Flugplatz Kleinköris (Löpten)

Der 1969 in Betrieb genommene Flugplatz Kleinköris diente dem Jagdfliegergeschwader 7 (JG-7) der ehemaligen DDR-Luftstreitkräfte als Feldflugplatz. Stationiert war das Geschwader auf dem Flugplatz Drewitz. Neben Unterkünften für Soldaten entstanden ein Tanklager sowie ein Munitionslager.

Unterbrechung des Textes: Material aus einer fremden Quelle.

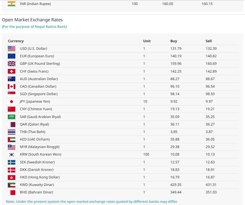 त्यस्तै, आज भारतीय रुपैयाँ एक सयको खरिद दर १६० रुपैयाँ रहेको छ भने बिक्री दर १६० रुपैयाँ १५ पैसा, युरो एकको खरिद दर १४० रुपैयाँ १९ पैसा र बिक्री दर १४० रुपैयाँ ८२ पैसा बेलायती पाउण्ड एकको खरिद दर १५९ रुपैयाँ ९६ पैसा र बिक्री दर १६० रुपैयाँ ६९ पैसा रहेको छ ।

Um den Flugplatz betriebsfähig zu halten wurden dem JG-7 das Fliegertechnische Bataillon-7 (FTB-7) und das Nachrichten- und Flugsicherungsbataillon-7 (NFB-7) unterstellt. Übungen in Kleinköris wurden mehrere Male im Jahr ausgeführt. 1972 wurde dem Geschwader der Ehrenname „Wilhelm Pieck“ verliehen.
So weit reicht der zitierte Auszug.